Preparing New Ground: Education as Federal Policy in the Territories of the United States, 1867–1912
This paper analyzes education policies for US territories as exercises of federal power aimed at settling land claims, implementing labor policy, and arbitrating conflicts of power in colonial contexts. Educational and comparative historians and political economists have long sought to explain the weak federal role in US education and its enduringly decentralized system. Meanwhile, policy historians studying the state as "actor" argue that a decentralized state is not necessarily weak and have begun looking at education as a site of "strong" decentralized power. These literatures pay little attention to territories, however, where federal authority in education was strongest. Drawing on education provisions from all territorial and enabling acts, state constitutions, and revisions over 150 years, this paper traces shifts in such provisions for western territories organized during the late 19th and early 20th centuries.
In the US, federal authority in education derived from jurisdiction over territories, not states, and developed as a by-product of federal land policy.

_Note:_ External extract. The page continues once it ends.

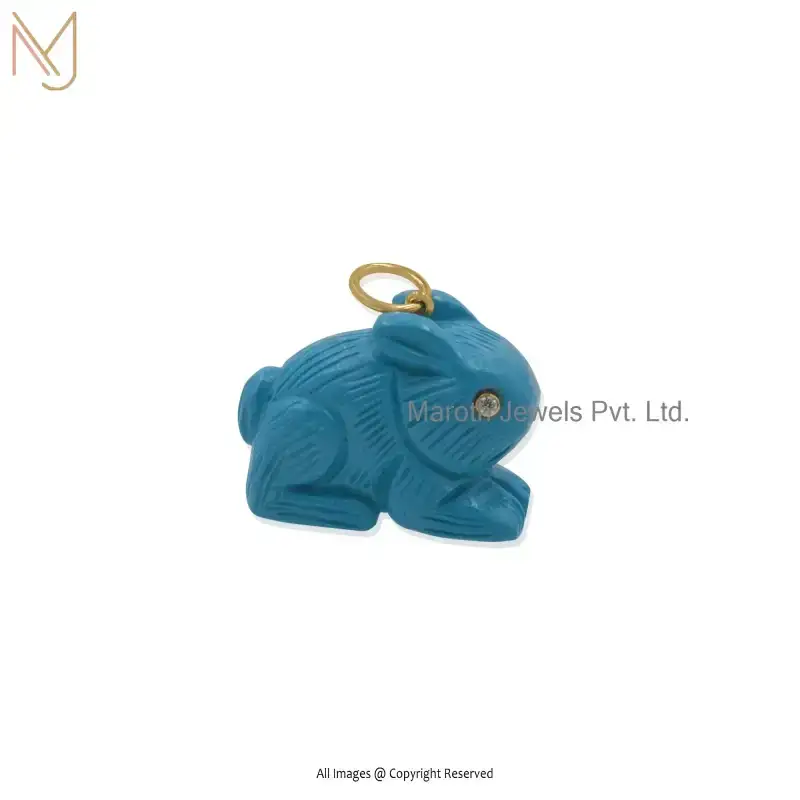 925 Silver Natural Silver Plated Rose Quartz & Cubic Zircon Gemstone Carved Rabbit Pendant USA
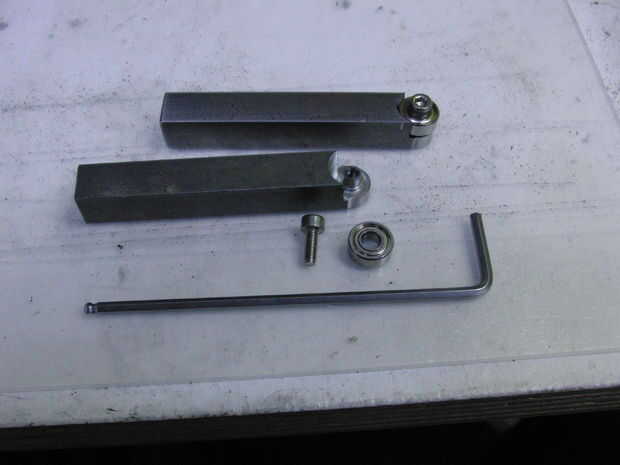 Usé el taladro de 8mm para quitar las rebabas de los agujeros. Entonces yo montado el rodamiento en el tallo, para esto utilicé un martillo y un pedazo de varilla de aluminio. (Empecé con presionar pero ya que las piezas son tan pequeñas, un par de toques suaves sobre la varilla de aluminio trabajado mejor)

In the 1780s the US dedicated land appropriated from Native Americans to support schools and encourage (white) settlement in new territories. The first federal educational regulations established the terms upon which such lands would be sold and the proceeds distributed.
The first effort to shape substantive provisions of education occurred in the 1880s, when Congress came close to establishing a national system of education. The nearly successful Blair Bill encompassed separate education provisions for territories and states, including distinctions of curriculum, purpose, control, and population. Similar distinctions followed for the Territories of Alaska, Hawaii, Oklahoma, Arizona, New Mexico, and Puerto Rico. Through such provisions, the federal government: justified and structured land appropriation and redistribution; distinguished colonized and colonizing populations; distinguished laborers from citizens; and designated qualified decision-makers.